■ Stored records
<<<<
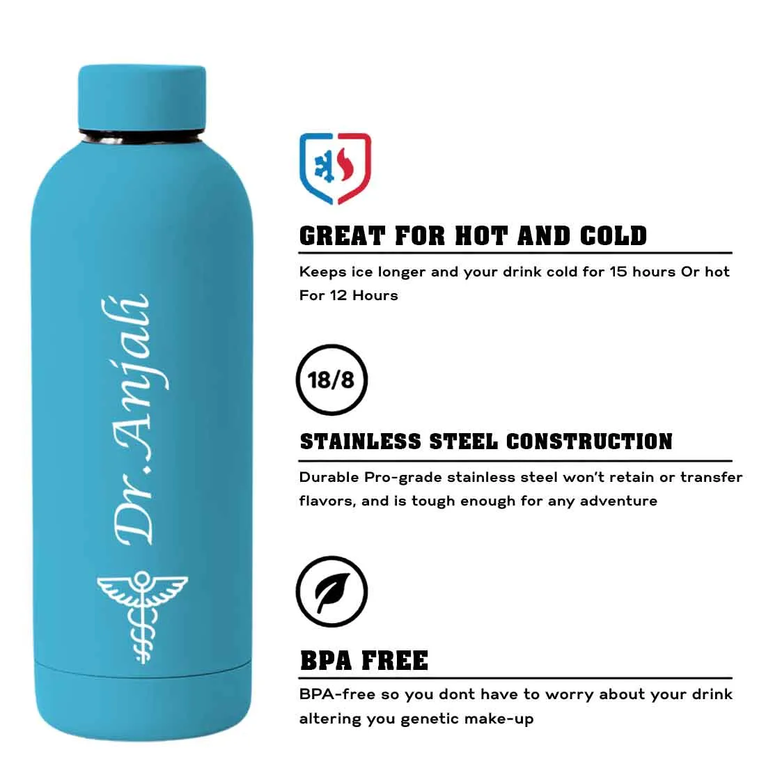 Looking for Water Bottles for Doctors? Nutcase Custom Bottles are stylish and sturdy. These 500ml double insulated stainless steel water bottles are luxuriously finished, BPA free, leakproof, double insulated and keep your hot drink hot for 8 hours and cold drink cold for 12 hours.
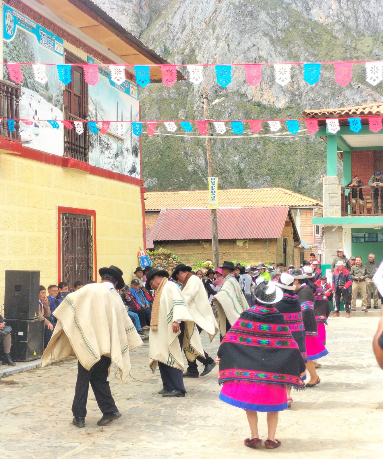 Por acepción lingüística, la expresión “Coronguina” proviene de una fusión de palabras “coro y guitarra”. Tal aseveración data a inicios de la época colonial, cuando jóvenes Huancayanos solían interpretar en coro la melodiosa coronguina y bailar al compás de los acordes de sonoras guitarras. En consecuencia, significa “canto en coro bajo los acordes de la guitarra”.La interpretación musical de esta danza se refiere al enamoramiento o cortejo de las parejas, cuyo evento romántico es ejecutado en canto y baile. La coronguina mimetiza y acentúa la identidad del poblador Huancayano reflejada en su origen e indumentari. Para su acompañamiento utilizan el instrumento musical de la guitarra (importado por los españoles).Es así, que su historia se remonta a inicios de la época colonial, en donde los famosos “Shallqas” (Habitantes de las partes altas de Huancaya, tales como Antarón, Paccha, Chucupata y demás aledaños) arribaban al poblado de Huancaya cada 23 de junio para promover como parte de la víspera a la fiesta patronal de San Juan bautista, el baile de la Coronguina. Así mismo, por las noches, las parejas jóvenes en secreto concurrían a las caídas de agua, en las zonas de Chipirique y Tapa, rincón, en donde el varón protectoramente peinaba el cabello de su amada “Humapakay” y la guitarra en mano componía el tono que les inspiraba.Sus composiciones son inspiradas en sus vivencias y costumbres, los mismos que se referían a sus parajes como Lecleshpata, proviniendo de allí su baile principal del “Léclesh”, expresión que también se refiere al ave que habita en las punas llamado Leqlesh, guardando similitud en su cortejo. De la misma forma se manifiesta el canto y música de, mi toro mocho, la Huancayana, Ay lindero, déjame pasar lindero, Tapopunta, entre otros. Su canto es de un estilo muy peculiar, como también el baile que es un zapateo muy común.Su vestimenta consiste, en los varones el shucuy (Ojota de cuero sin procesar) con pasadores naturales blanco o negro de hilos torcidos de lana de oveja o alpaca, actualmente también calzan zapato de cuero color negro; pantalón de tela “condorcillo” (Tejido en telar con lana de oveja) de color negro, poncho de lana de oveja de color blanco o nogal, con listones de color verde o azul. Usan también sombrero de color negro.La vestimenta que utilizan las mujeres está compuesta por el “shucuy” (labrado y matizado) con hilo trenzado de colores; justán de bayeta (tela tejida en telar de lana de oveja) de color rosado con líneas negras. Blusa de color blanco en tela de algodón, en la espalda una manta labrada de lana de alpaca con diseño de identidad local, sombrero redondo de lana de oveja color negro o de paja color blanco.La danza La Coronguina de Huancaya presenta interés turístico debido a que se conserva la originalidad y forma tradicional de su indumentaria típica, coreografía representativa y composiciones músicales, lo cual lo convierte en un patrimonio inmaterial enriquecedor de identidad para la actual y futuras generaciones. Los turistas pueden apreciar esta danza, que representa la historia de Huancaya a lo largo de los años, lo cual fortalece la parte cultural.
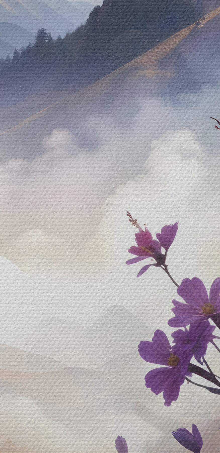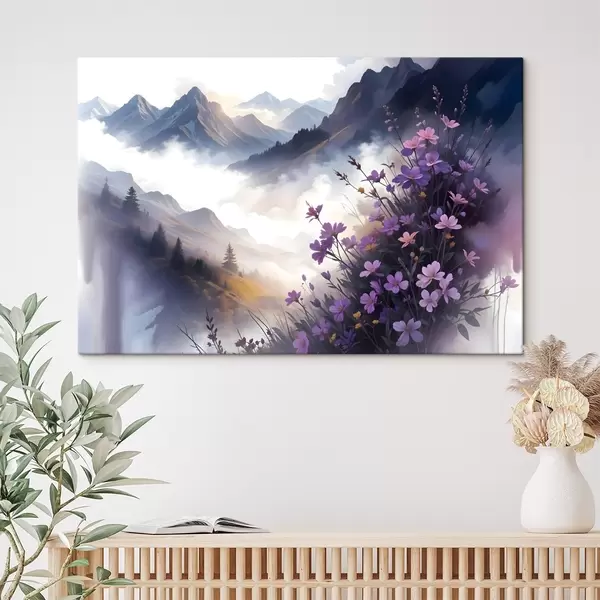 Paveikslas Peizažas su kalnų grandine fone, apsuptas sodrių violetinių gėlių pirmame plane Nr s41724
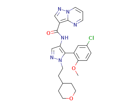 - 1260167-20-1/N-(5-(5-cbloro-2-methoxyphenyl)-1-(2-(tetrahyclro-2H-pyran-4-yl)ethyl)-1H-pyrazol-4-yl)pyrazolo[1,5-a]pyrimidine-3-carboxamide
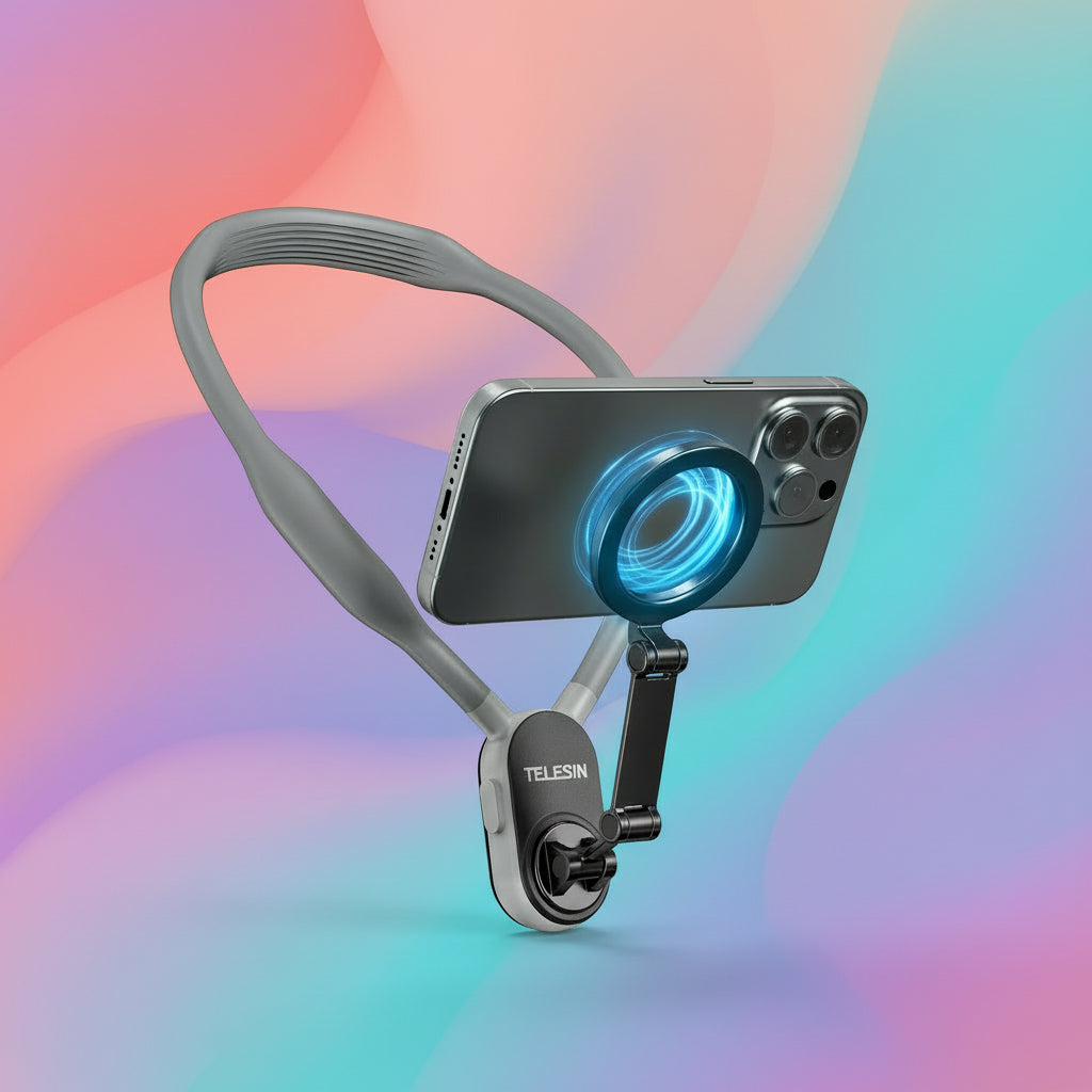 Dit is een innovatieve, handsfree nekhouder van TELESIN, ontworpen om uw smartphone veilig op borsthoogte te monteren voor het vastleggen van stabiele, First-Person View (POV) beelden. De ergonomische band is gemaakt van comfortabel siliconen en is voorzien van een sterk magnetisch Snelontgrendelingssysteem (vaak met N52-magneten). Dit maakt snelle, eenhandige bevestiging mogelijk en is ideaal voor vloggen, koken, sport en het vastleggen van actieve ervaringen.
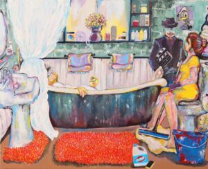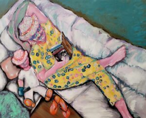 أبدأ اللوحة بالتجمل والتزين، أنا على موعد مع ( …) تلك هي إحدى السبل التي تجعلني أقفز من مقام العزلة إلى مقام الحميمية وعلى عكس الطقس الشائع.. لا استمع إلى الموسيقى والأغنيات، فهي تثير الشجون،استمع إلى الحكي والحكائين لمؤانستي في سهرتي الفنية.
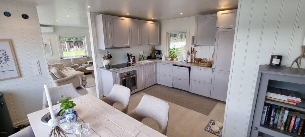 Det moderne sommerhus, opført i 2021, byder på cirka 70 m² beboelsesareal med moderne komfort i naturskønne omgivelser. Derudover står to separate gæstehuse på hver 16 m² til rådighed – ideelt for familier eller vennepar, der ønsker at holde ferie sammen. Der er i alt tre soveværelser fordelt på tre bygninger. I hovedhuset findes et soveværelse med dobbeltseng, og i hvert af de to gæstehuse står yderligere en dobbeltseng til rådighed. Det åbne køkken er veludstyret med elektrisk komfur, ovn, køle- og fryseskab, opvaskemaskine, mikrobølgeovn, kaffemaskine samt et spisebord med en fantastisk udsigt over søen – ideelt til selvforplejning. Stuen har en hyggelig sofagruppe, en brændeovn, et tv og internet. Store panoramavinduer giver en uforstyrret udsigt til vandet. Fra opholdsrummet har du adgang til en vinterhave og en stor veranda med flere siddepladser – det perfekte sted at nyde udsigten hele dagen. Badeværelset er udstyret med toilet, bruser og vaskemaskine. En centralvarme og gulvvarme på badeværelset sørger for behagelige temperaturer året rundt.
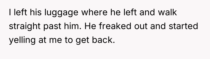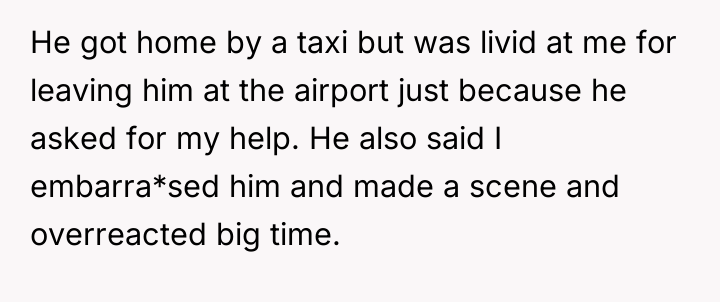The OP's action was an understandable reaction to an invalidating demand, but it escalated the conflict significantly. For future situations, the OP should establish clear, pre-agreed expectations about physical assistance during pregnancy, especially after travel. If a partner insists on unreasonable demands, a more constructive approach than abandonment might be to clearly state, "I cannot lift that safely; I am calling a porter/waiting here until you arrange transport for the bags," ensuring physical safety is prioritized without immediately resorting to leaving the partner stranded.
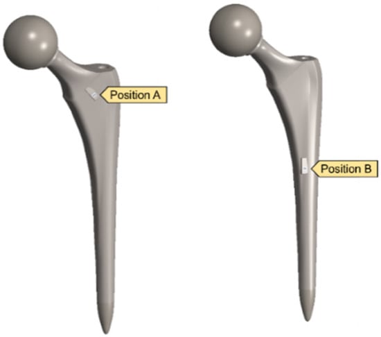 After validating both the sensor and hip implant individually, the work was extended to combine both systems to test the feasibility of THR applications. Figure 14 highlights the SAW sensor used in the hip implant at two different locations.
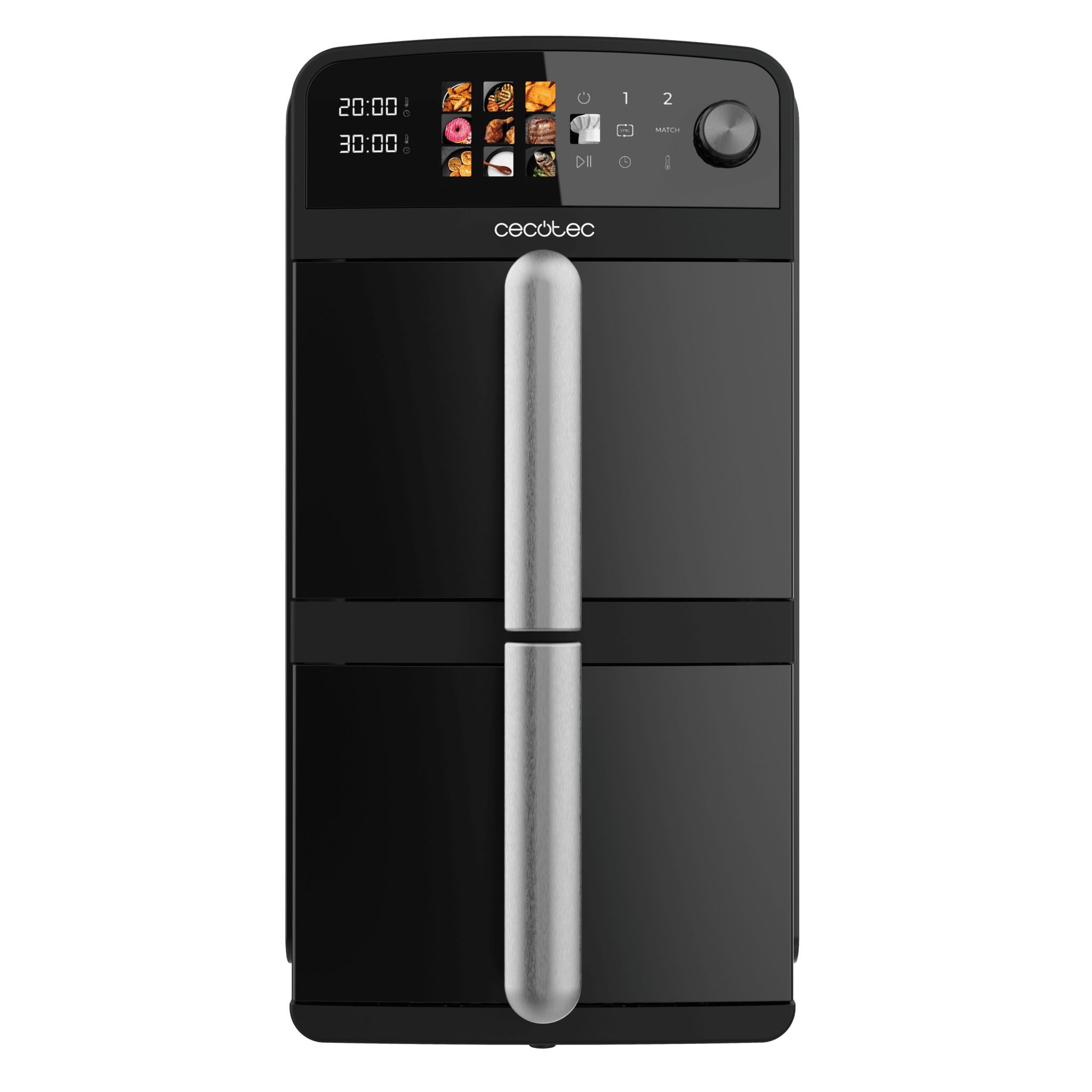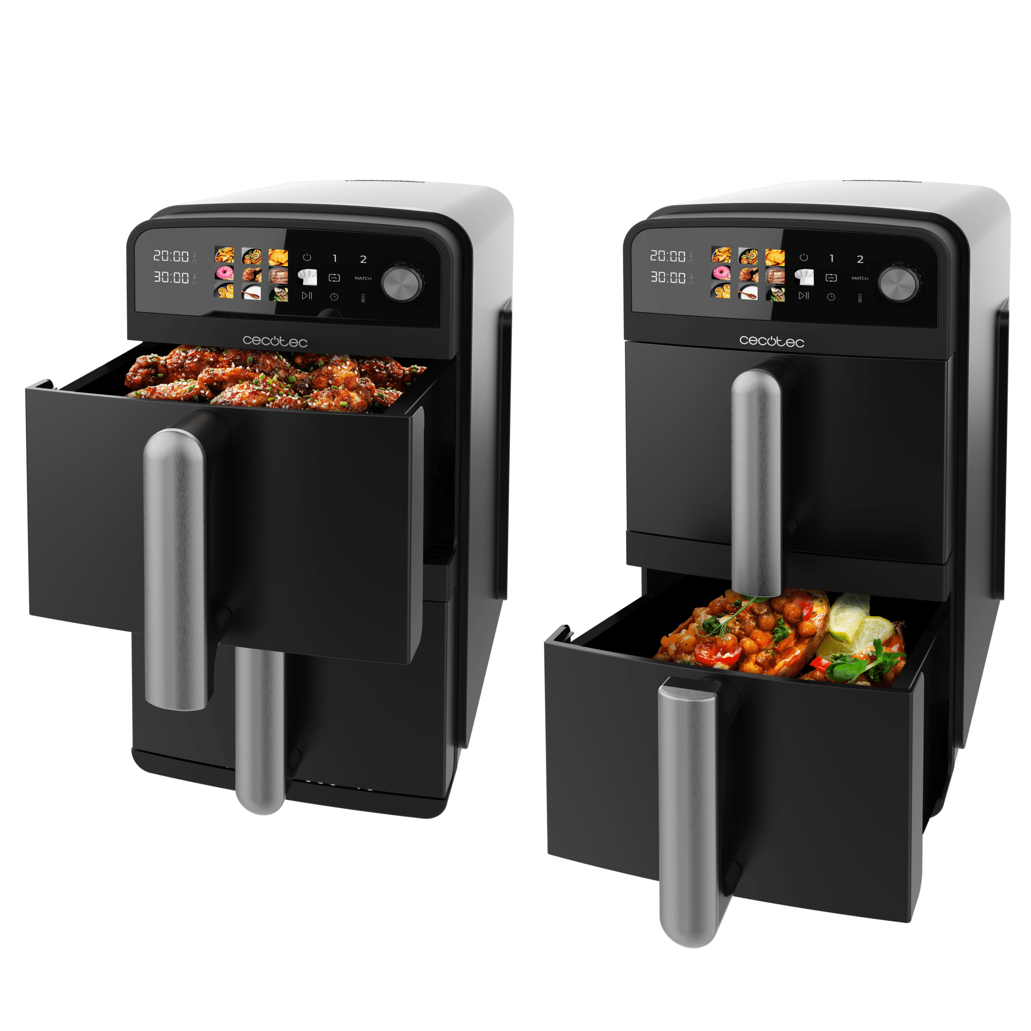 Freidora de aire de 10L con cubetas superpuestas de 5L, 2400 W de potencia, control táctil, y 6 programas preconfigurados para una cocción rápida y saludable.
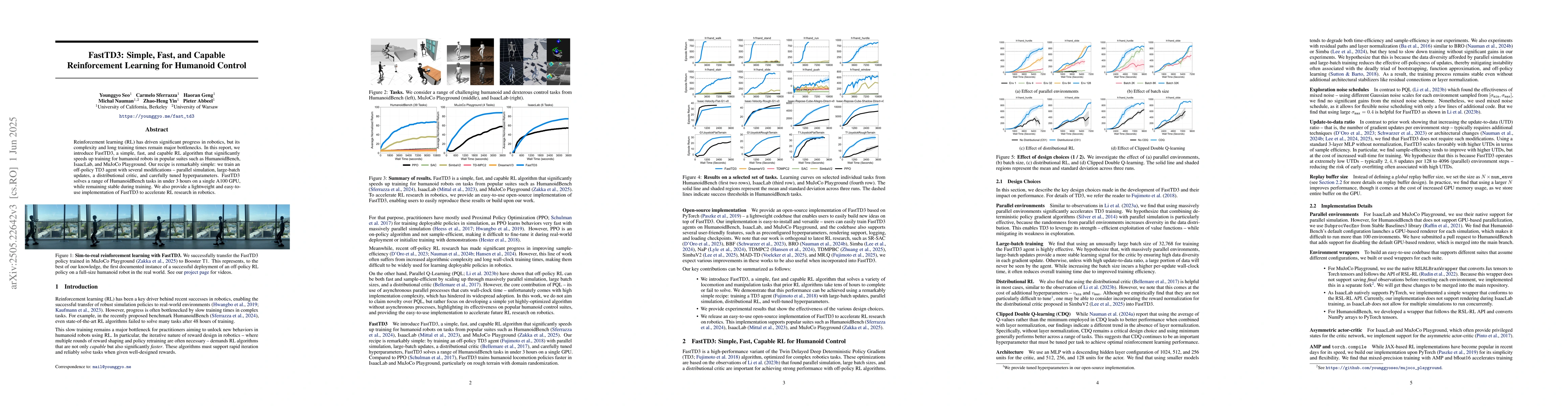 FastTD3 is a simple, fast, and capable reinforcement learning algorithm that speeds up training for humanoid robots by 3 hours on a single GPU, while remaining stable during training.
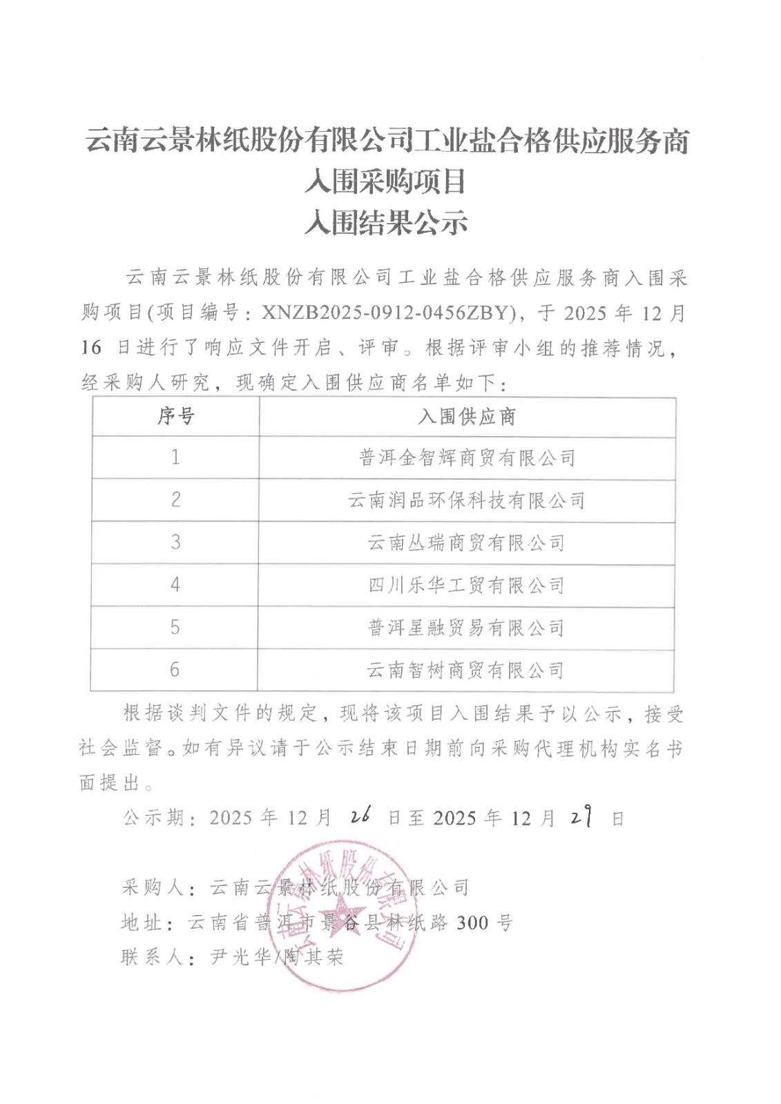云南云景林紙股份有限公司工業(yè)鹽合格供應(yīng)服務(wù)商入圍采購項(xiàng)目入圍結(jié)果公示
>>>>
■ DESCRIPTION OF THE TASK
Your copy should hold exactly the lines from the one that contains "After validating both" through the final line of the data, both ends included, and no pictures.

■ ANSWER AREA
 After validating both the sensor and hip implant individually, the work was extended to combine both systems to test the feasibility of THR applications. Figure 14 highlights the SAW sensor used in the hip implant at two different locations.
 Freidora de aire de 10L con cubetas superpuestas de 5L, 2400 W de potencia, control táctil, y 6 programas preconfigurados para una cocción rápida y saludable.
 FastTD3 is a simple, fast, and capable reinforcement learning algorithm that speeds up training for humanoid robots by 3 hours on a single GPU, while remaining stable during training.
云南云景林紙股份有限公司工業(yè)鹽合格供應(yīng)服務(wù)商入圍采購項(xiàng)目入圍結(jié)果公示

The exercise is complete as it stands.